2011 : le boulet du Sofitel pour le bras droit de DSK
Mai 2011, New York. Dominique Strauss-Kahn est accusé de viol sur une femme de chambre dans la suite d'un grand hôtel. Il est interpellé à l'aéroport avant d'être interrogé puis placé en détention. A Paris, il fait encore nuit. Le matin, très tôt, Jean-Christophe Cambadélis est réveillé par sa femme, qui lui lâche : «T'es au courant pour Dominique ? Il est accusé de viol à New York.» Jean-Christophe Cambadélis ne bouge pas. «Je pensais qu'elle me disait ça pour que je me lève, parce que j'avais un peu de mal à me mettre debout», explique-t-il en se marrant. Quelques minutes plus tard, il jette un coup d'œil à son téléphone. La messagerie est pleine. Les textos se multiplient. Il allume la télé et reste «pétrifié». Tout s'effondre.
Dominique Strauss-Kahn était le grand favori pour remporter la primaire socialiste, et Jean-Christophe Cambadélis, un de ses lieutenants. Il voyait déjà «DSK» à l'Elysée et lui-même à Solférino. Il lâche, avec une touche de regret : «Je lui avais consacré beaucoup de temps, on était à deux doigts de remporter le morceau.» Après la nouvelle, Jean-Christophe Cambadélis échange au téléphone avec plusieurs cadres du parti. L'heure est grave. Martine Aubry, première secrétaire, organise un bureau national extraordinaire. Il décrit la scène : «Tout le monde était présent ce jour-là. Laurent Fabius a pris la parole pour décrire la prison de New York, tout le monde était terrifié. Henri Emmanuelli pensait que cette affaire pouvait pousser Dominique au suicide, pendant que Martine Aubry était dans l'émotion. François Hollande, un peu hésitant, s'est tout de suite situé dans l'après ; il a demandé à ne pas changer les procédures et le calendrier. Et, lorsque j'ai observé l'attitude des présents à son égard, j'ai compris que ça serait lui le vainqueur.» Jean-Christophe Cambadélis, qui n'a jamais été un proche de François Hollande, se range derrière Martine Aubry, qui s'incline : la rue de Solférino s'éloigne une nouvelle fois.

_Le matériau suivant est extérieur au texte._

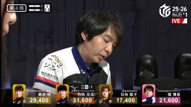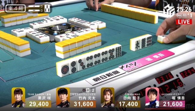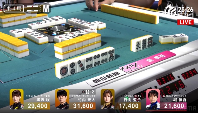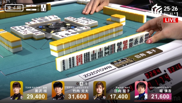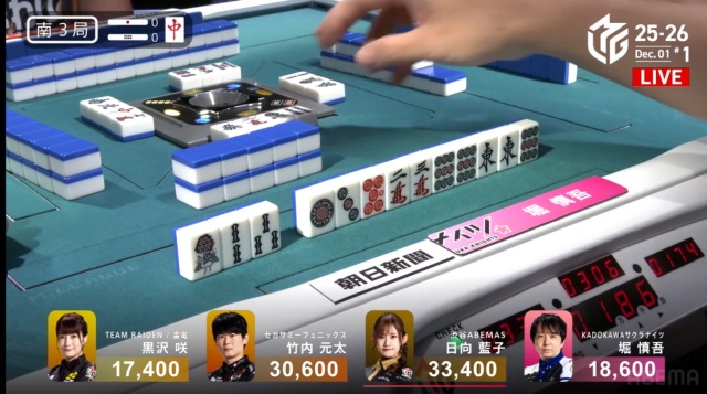 日向が2度のアガリでトップ目に立って迎えた南3局、堀はこの

Lors de la reprise de contact téléphonique entre DSK et Cambadélis après l'affaire, les premières paroles ne sont pas très «amicales», confie-t-il.

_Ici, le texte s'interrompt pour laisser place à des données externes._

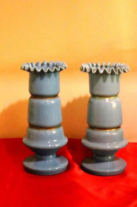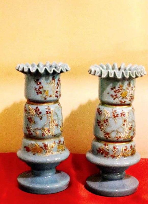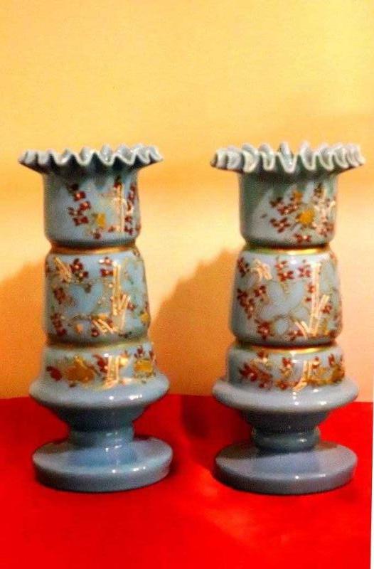 Opalin, yüzeyi el boyaması figüratif çiçek desenli, altın yaldızlı, eski dönem çift vazo.. Y 26cm., 3 yıl önce kitantik’te satışa sunulmuştur.

2012 : Désir l’emporte avec la «bande des quatre»
Un an après «l’affaire DSK», François Hollande, l’ex-premier secrétaire du PS, est élu président de la République. Alors que les éléphants ferraillent pour décrocher un ministère, Jean-Christophe Cambadélis lorgne une nouvelle fois vers Solférino. Il mène campagne. Face à lui, Harlem Désir. Le match est serré. Jean-Christophe Cambadélis a le soutien de Martine Aubry et de Jean-Marc Ayrault. L’ancien dirigeant de SOS Racisme a de son côté la «bande des quatre» ministres importants du gouvernement : Manuel Valls, Pierre Moscovici, Vincent Peillon et Stéphane Le Foll.

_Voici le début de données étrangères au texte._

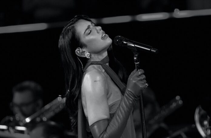 En este especial, la artista interpreta canciones de su tercer álbum de estudio, Radical Optimism, en un formato íntimo que explora sonidos psicodélicos presentes en sus trabajos previos. El evento incluye dueto con Elton John en “Cold Heart” y nuevas versiones de éxitos como “Levitating” y “Love Again”, acompañada por una orquesta de 53 músicos bajo la dirección de Ben Foster.

Le 12 septembre 2012, Harlem Désir est désigné premier signataire de la motion majoritaire pour le congrès de Toulouse. Nouvel échec pour Cambadélis. Il reste tout de même en charge de l'international à Solférino. Les mois passent, le PS est en crise, et la rue de Solférino n'est pas très sereine, selon Cambadélis. Il détaille : «Harlem, c'est un perfectionniste, tant qu'il n'a pas tout dans le détail, il est terrorisé. A Solférino, il s'appuyait sur moi ou Bachelay pour les réponses. Il y avait un vrai problème.» Mars 2014, le PS se prend une rouste lors du premier tour des élections municipales. Harlem Désir convoque Jean-Christophe Cambadélis, qui n'a jamais été tendre avec lui : Désir jette l'éponge. «Je lui demande de pas en parler avant les résultats du second tour», se souvient Cambadélis.
Les résultats tombent, le PS a un genou à terre et Désir est exfiltré au gouvernement. On lui confie les Affaires européennes. La porte de Solférino s'ouvre une nouvelle fois. Cambadélis se pointe à l'Elysée pour annoncer sa candidature à François Hollande. Le Président pense à Stéphane Le Foll, ministre de l'Agriculture, au député Guillaume Bachelay, avant de donner son feu vert. Cambadélis explique avec humour : «François ne voulait pas me voir dans l'opposition.» Le 15 avril 2014, après des années d'échec, Jean-Christophe Cambadélis atteint son objectif. Il est élu avec 67% des voix par le conseil national, mais il a déjà en tête l'objectif de se faire élire par les adhérents du PS et sacré au congrès de Poitiers.